__Extracted records__
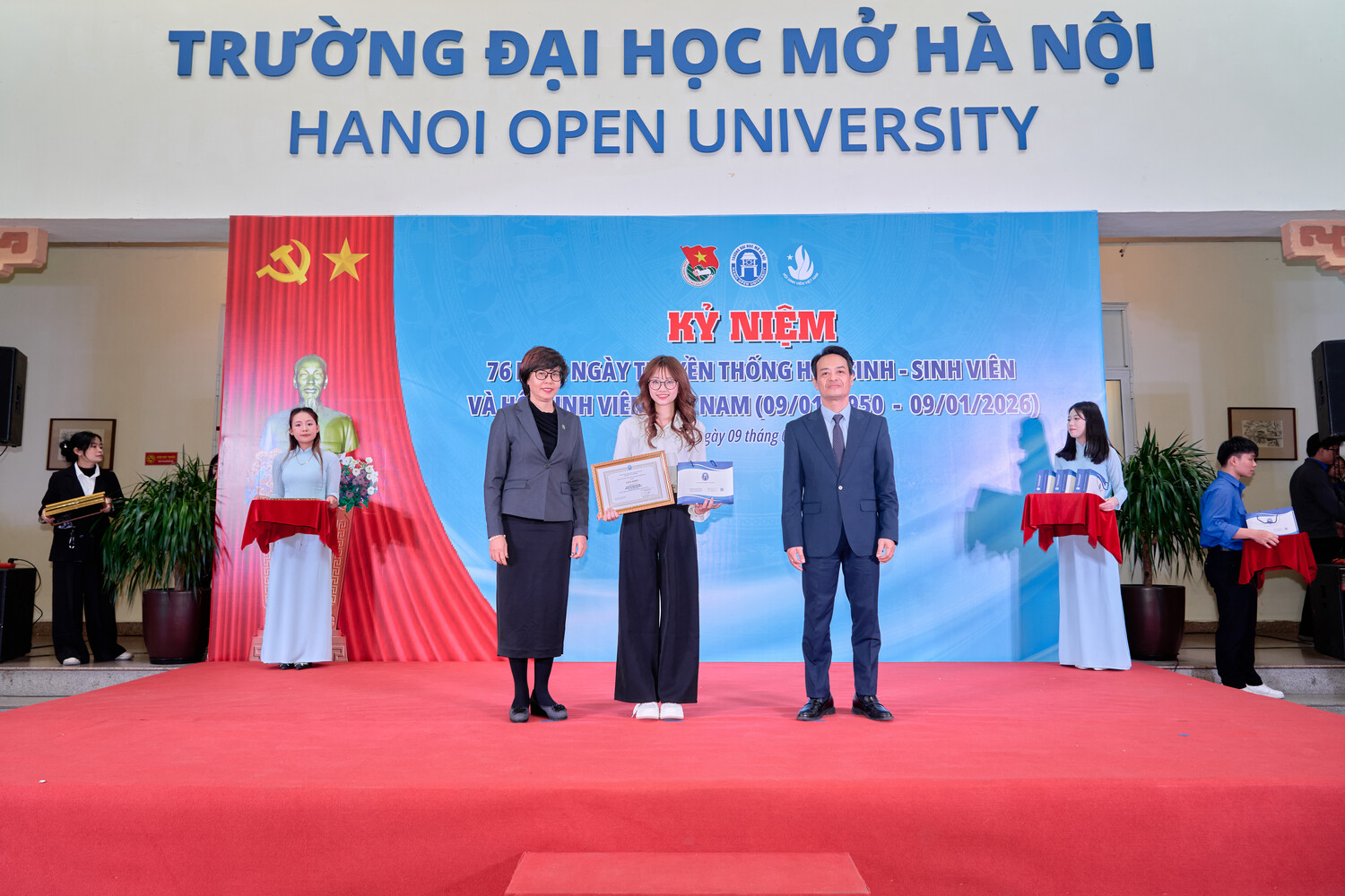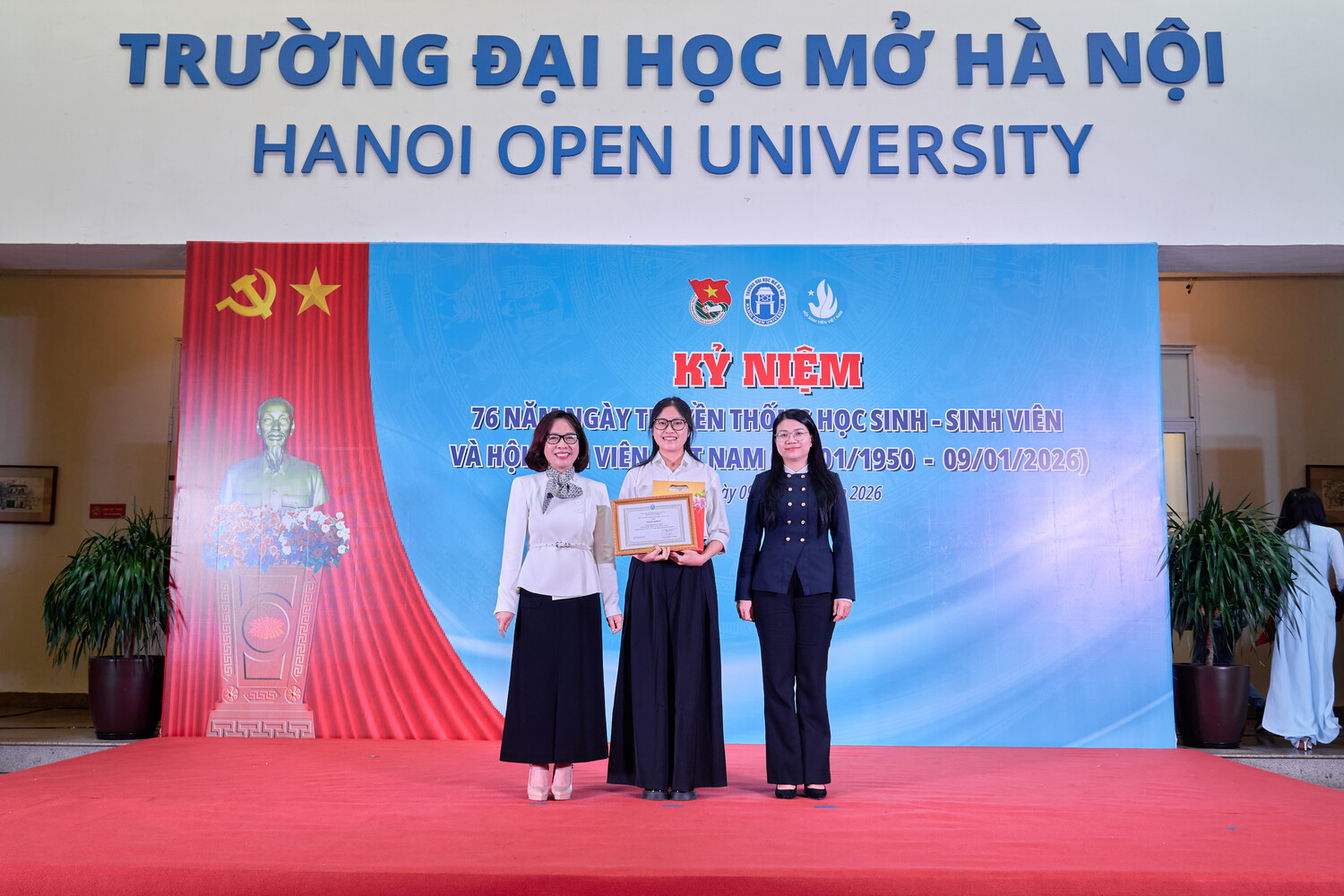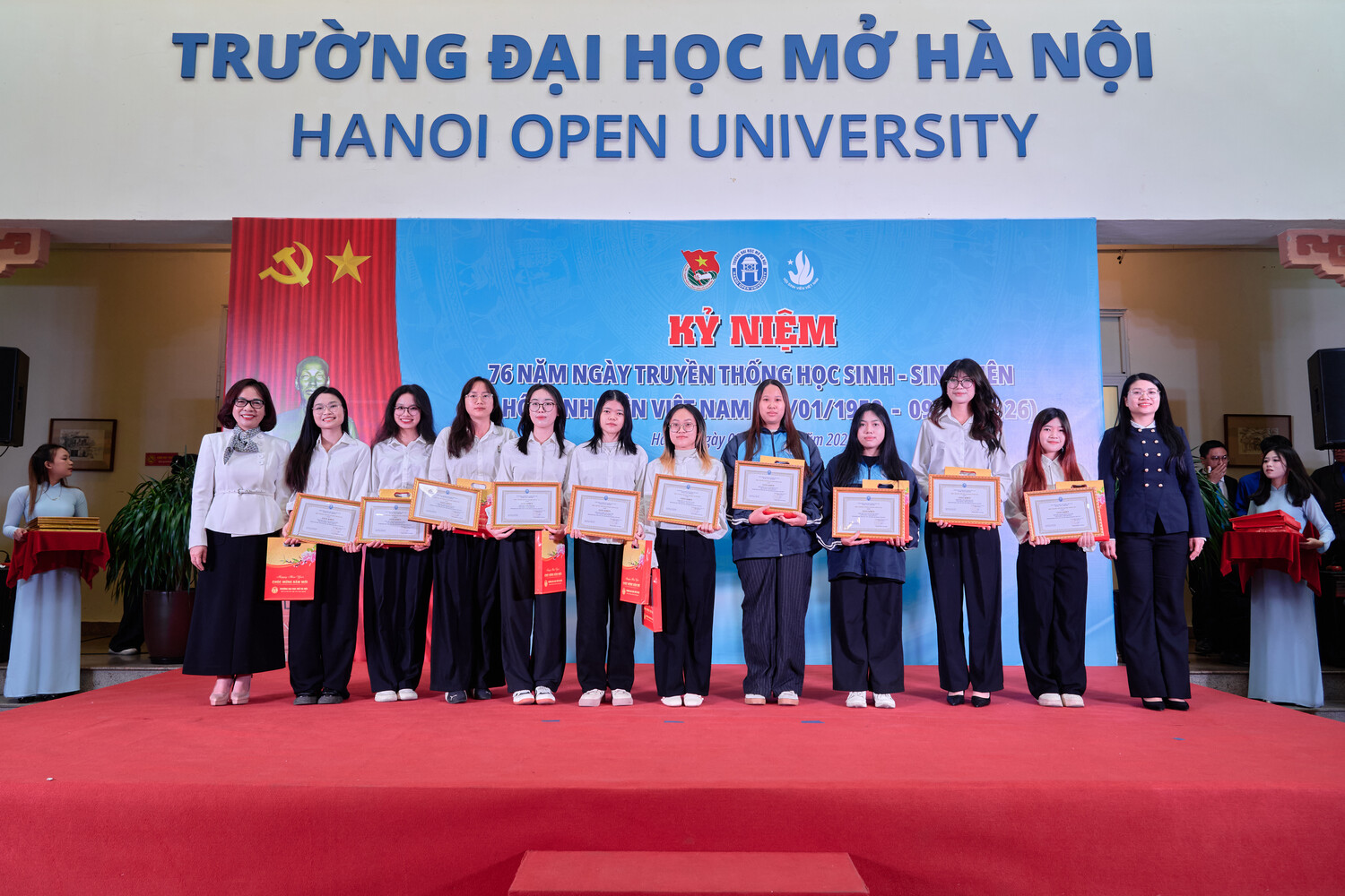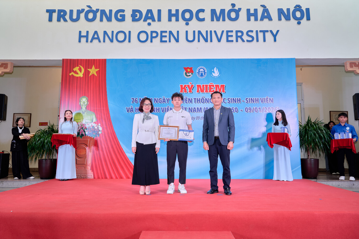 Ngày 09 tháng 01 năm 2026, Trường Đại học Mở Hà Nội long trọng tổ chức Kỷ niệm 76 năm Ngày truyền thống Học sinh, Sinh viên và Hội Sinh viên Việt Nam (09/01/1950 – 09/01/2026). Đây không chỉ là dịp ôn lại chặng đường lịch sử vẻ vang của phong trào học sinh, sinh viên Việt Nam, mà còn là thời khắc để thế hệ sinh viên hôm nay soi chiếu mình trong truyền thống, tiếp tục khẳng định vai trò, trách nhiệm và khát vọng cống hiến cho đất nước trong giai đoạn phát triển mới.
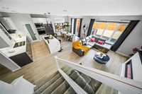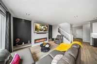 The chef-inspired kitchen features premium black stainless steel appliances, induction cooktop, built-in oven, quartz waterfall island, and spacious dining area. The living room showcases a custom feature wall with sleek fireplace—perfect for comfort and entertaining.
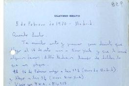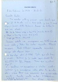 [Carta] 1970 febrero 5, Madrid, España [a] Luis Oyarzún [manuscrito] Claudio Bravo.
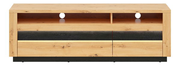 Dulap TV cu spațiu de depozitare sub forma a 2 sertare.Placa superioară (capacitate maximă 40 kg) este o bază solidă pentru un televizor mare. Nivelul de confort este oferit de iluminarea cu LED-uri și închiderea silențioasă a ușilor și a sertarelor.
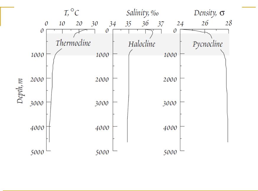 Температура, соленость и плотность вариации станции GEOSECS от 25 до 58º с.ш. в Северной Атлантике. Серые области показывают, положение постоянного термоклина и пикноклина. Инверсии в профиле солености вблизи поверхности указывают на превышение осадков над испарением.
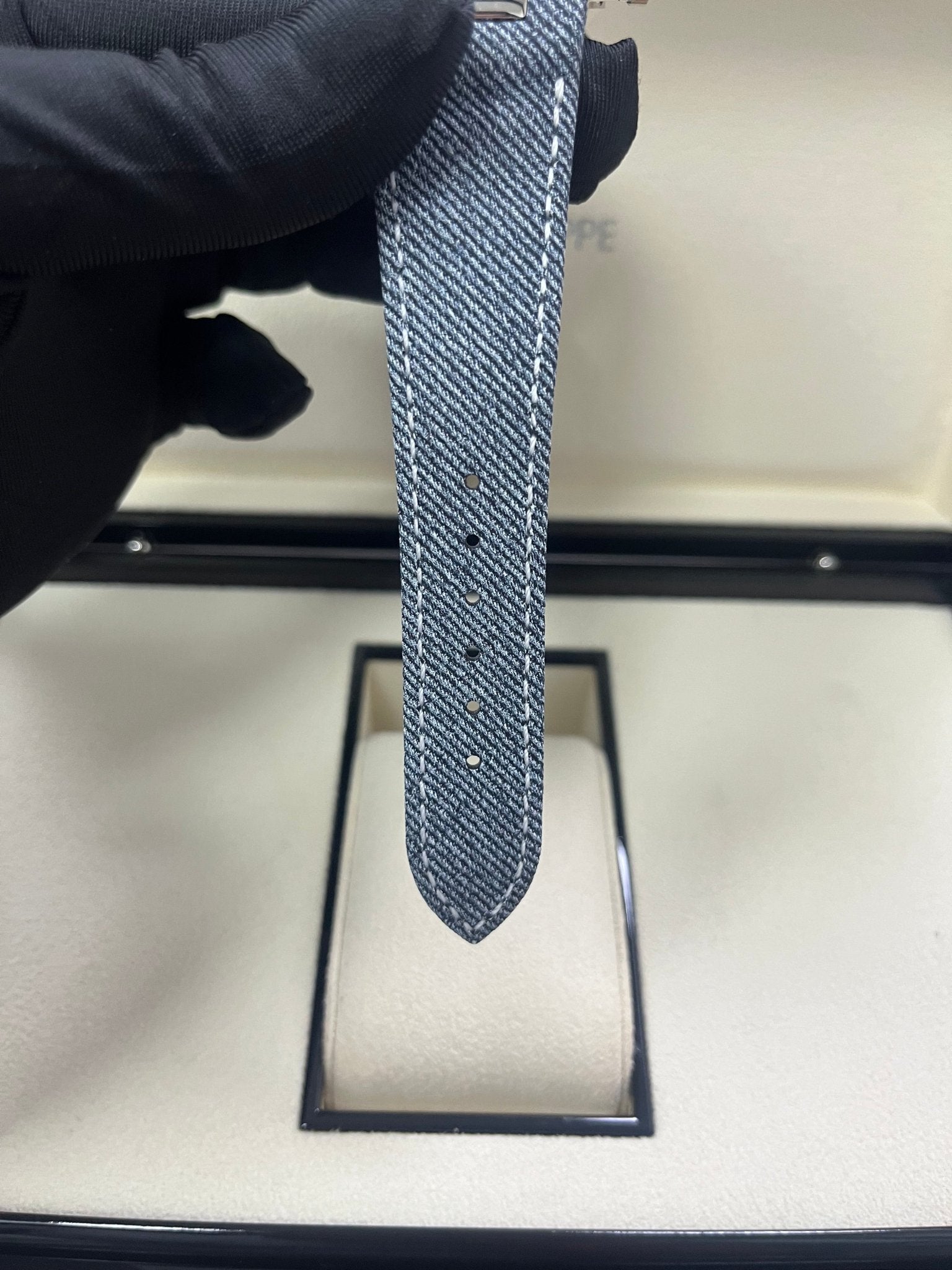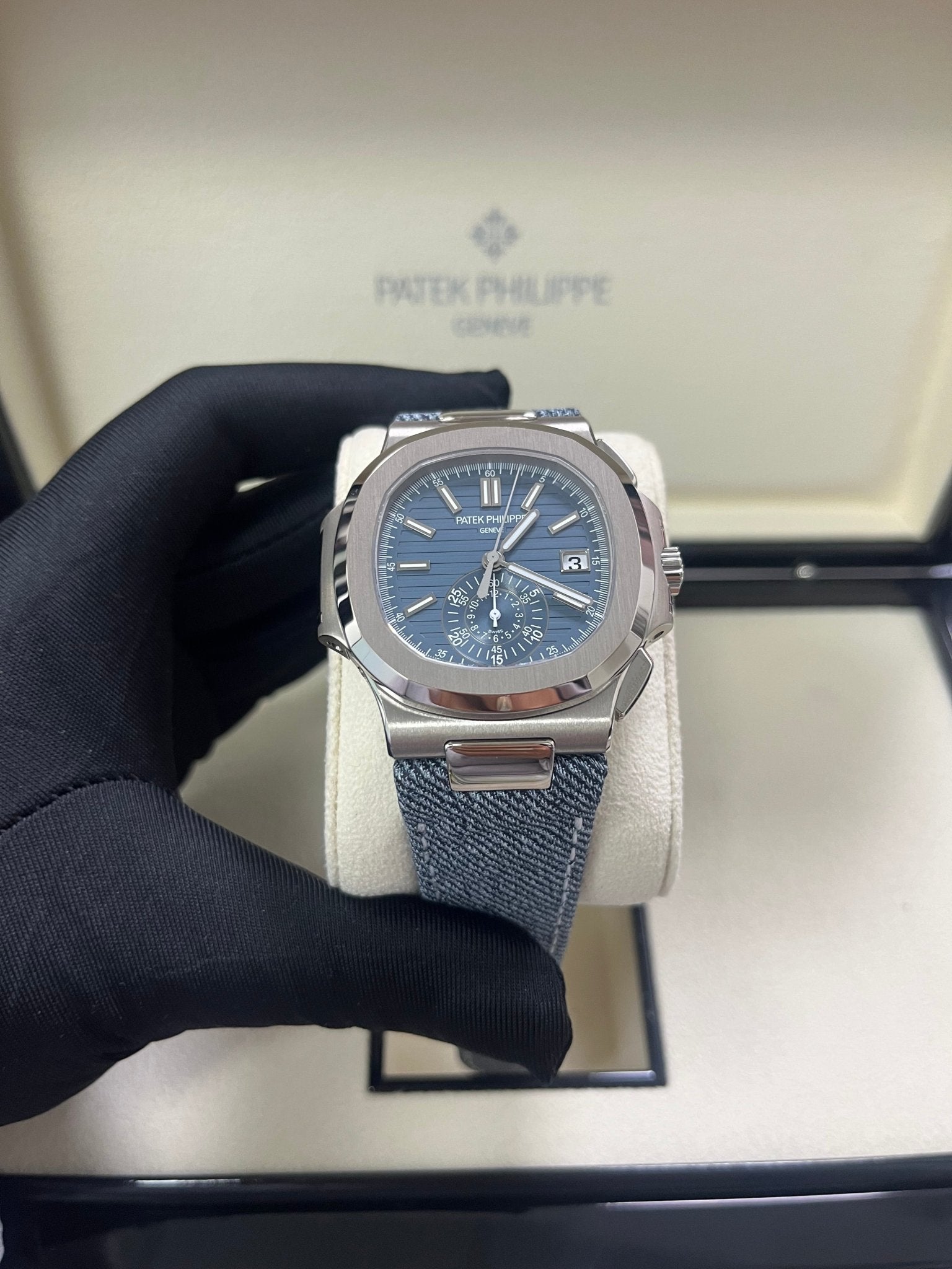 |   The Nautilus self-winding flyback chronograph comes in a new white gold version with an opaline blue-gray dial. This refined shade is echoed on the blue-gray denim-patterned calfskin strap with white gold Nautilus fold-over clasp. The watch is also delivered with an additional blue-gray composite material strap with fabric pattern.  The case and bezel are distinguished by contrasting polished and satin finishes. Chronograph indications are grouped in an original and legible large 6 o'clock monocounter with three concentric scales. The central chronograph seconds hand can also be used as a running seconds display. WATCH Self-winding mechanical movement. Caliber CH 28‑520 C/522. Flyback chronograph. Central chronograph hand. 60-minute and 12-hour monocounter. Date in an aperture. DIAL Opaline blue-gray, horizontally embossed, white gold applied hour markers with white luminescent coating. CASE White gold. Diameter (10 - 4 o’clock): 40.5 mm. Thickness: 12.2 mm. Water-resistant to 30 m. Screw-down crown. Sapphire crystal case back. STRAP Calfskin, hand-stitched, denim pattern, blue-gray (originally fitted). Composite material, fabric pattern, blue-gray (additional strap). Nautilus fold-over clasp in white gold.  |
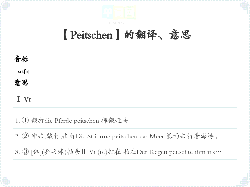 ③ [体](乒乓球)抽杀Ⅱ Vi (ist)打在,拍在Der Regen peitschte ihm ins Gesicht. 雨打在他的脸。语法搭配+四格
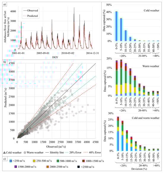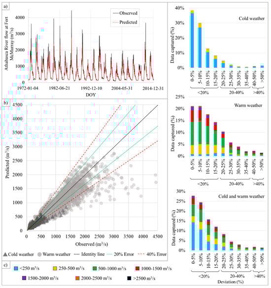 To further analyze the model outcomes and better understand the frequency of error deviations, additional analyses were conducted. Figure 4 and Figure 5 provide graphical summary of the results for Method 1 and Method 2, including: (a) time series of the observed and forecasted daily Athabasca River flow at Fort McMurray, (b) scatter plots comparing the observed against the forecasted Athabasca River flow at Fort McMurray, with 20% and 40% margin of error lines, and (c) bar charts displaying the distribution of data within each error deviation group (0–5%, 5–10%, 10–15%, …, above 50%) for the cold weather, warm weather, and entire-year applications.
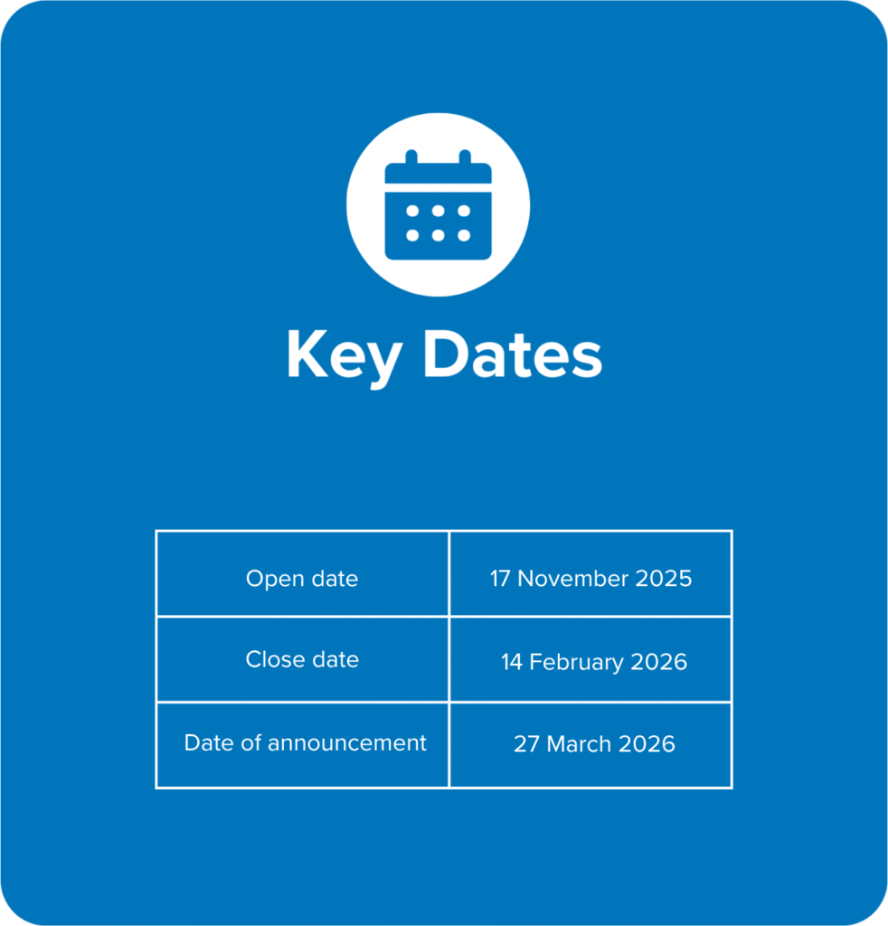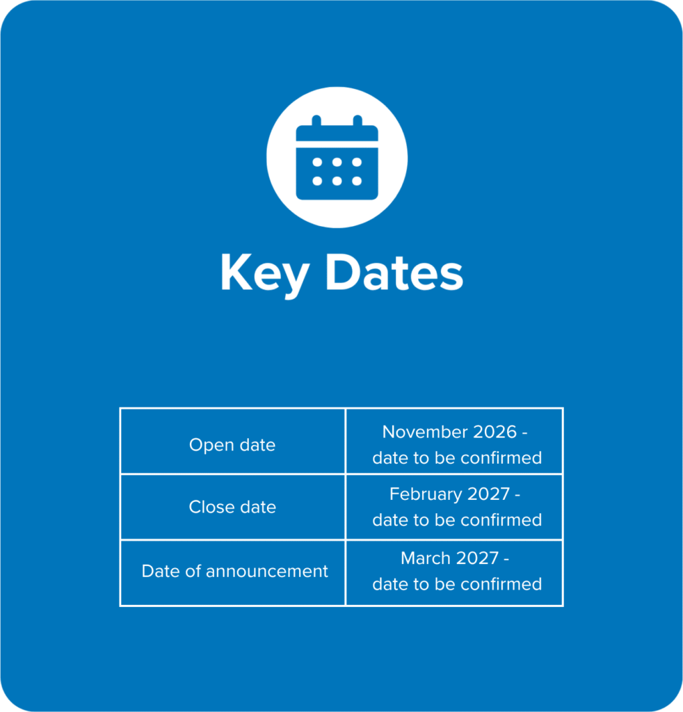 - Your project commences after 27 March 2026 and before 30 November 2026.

__DESCRIPTION OF THE TASK__
Repeat the records above exactly, leaving out the pictures.

__TASK RESPONSE__
 Ngày 09 tháng 01 năm 2026, Trường Đại học Mở Hà Nội long trọng tổ chức Kỷ niệm 76 năm Ngày truyền thống Học sinh, Sinh viên và Hội Sinh viên Việt Nam (09/01/1950 – 09/01/2026). Đây không chỉ là dịp ôn lại chặng đường lịch sử vẻ vang của phong trào học sinh, sinh viên Việt Nam, mà còn là thời khắc để thế hệ sinh viên hôm nay soi chiếu mình trong truyền thống, tiếp tục khẳng định vai trò, trách nhiệm và khát vọng cống hiến cho đất nước trong giai đoạn phát triển mới.
 The chef-inspired kitchen features premium black stainless steel appliances, induction cooktop, built-in oven, quartz waterfall island, and spacious dining area. The living room showcases a custom feature wall with sleek fireplace—perfect for comfort and entertaining.
 [Carta] 1970 febrero 5, Madrid, España [a] Luis Oyarzún [manuscrito] Claudio Bravo.
 Dulap TV cu spațiu de depozitare sub forma a 2 sertare.Placa superioară (capacitate maximă 40 kg) este o bază solidă pentru un televizor mare. Nivelul de confort este oferit de iluminarea cu LED-uri și închiderea silențioasă a ușilor și a sertarelor.
 Температура, соленость и плотность вариации станции GEOSECS от 25 до 58º с.ш. в Северной Атлантике. Серые области показывают, положение постоянного термоклина и пикноклина. Инверсии в профиле солености вблизи поверхности указывают на превышение осадков над испарением.
 |   The Nautilus self-winding flyback chronograph comes in a new white gold version with an opaline blue-gray dial. This refined shade is echoed on the blue-gray denim-patterned calfskin strap with white gold Nautilus fold-over clasp. The watch is also delivered with an additional blue-gray composite material strap with fabric pattern.  The case and bezel are distinguished by contrasting polished and satin finishes. Chronograph indications are grouped in an original and legible large 6 o'clock monocounter with three concentric scales. The central chronograph seconds hand can also be used as a running seconds display. WATCH Self-winding mechanical movement. Caliber CH 28‑520 C/522. Flyback chronograph. Central chronograph hand. 60-minute and 12-hour monocounter. Date in an aperture. DIAL Opaline blue-gray, horizontally embossed, white gold applied hour markers with white luminescent coating. CASE White gold. Diameter (10 - 4 o’clock): 40.5 mm. Thickness: 12.2 mm. Water-resistant to 30 m. Screw-down crown. Sapphire crystal case back. STRAP Calfskin, hand-stitched, denim pattern, blue-gray (originally fitted). Composite material, fabric pattern, blue-gray (additional strap). Nautilus fold-over clasp in white gold.  |
 ③ [体](乒乓球)抽杀Ⅱ Vi (ist)打在,拍在Der Regen peitschte ihm ins Gesicht. 雨打在他的脸。语法搭配+四格
 To further analyze the model outcomes and better understand the frequency of error deviations, additional analyses were conducted. Figure 4 and Figure 5 provide graphical summary of the results for Method 1 and Method 2, including: (a) time series of the observed and forecasted daily Athabasca River flow at Fort McMurray, (b) scatter plots comparing the observed against the forecasted Athabasca River flow at Fort McMurray, with 20% and 40% margin of error lines, and (c) bar charts displaying the distribution of data within each error deviation group (0–5%, 5–10%, 10–15%, …, above 50%) for the cold weather, warm weather, and entire-year applications.
 - Your project commences after 27 March 2026 and before 30 November 2026.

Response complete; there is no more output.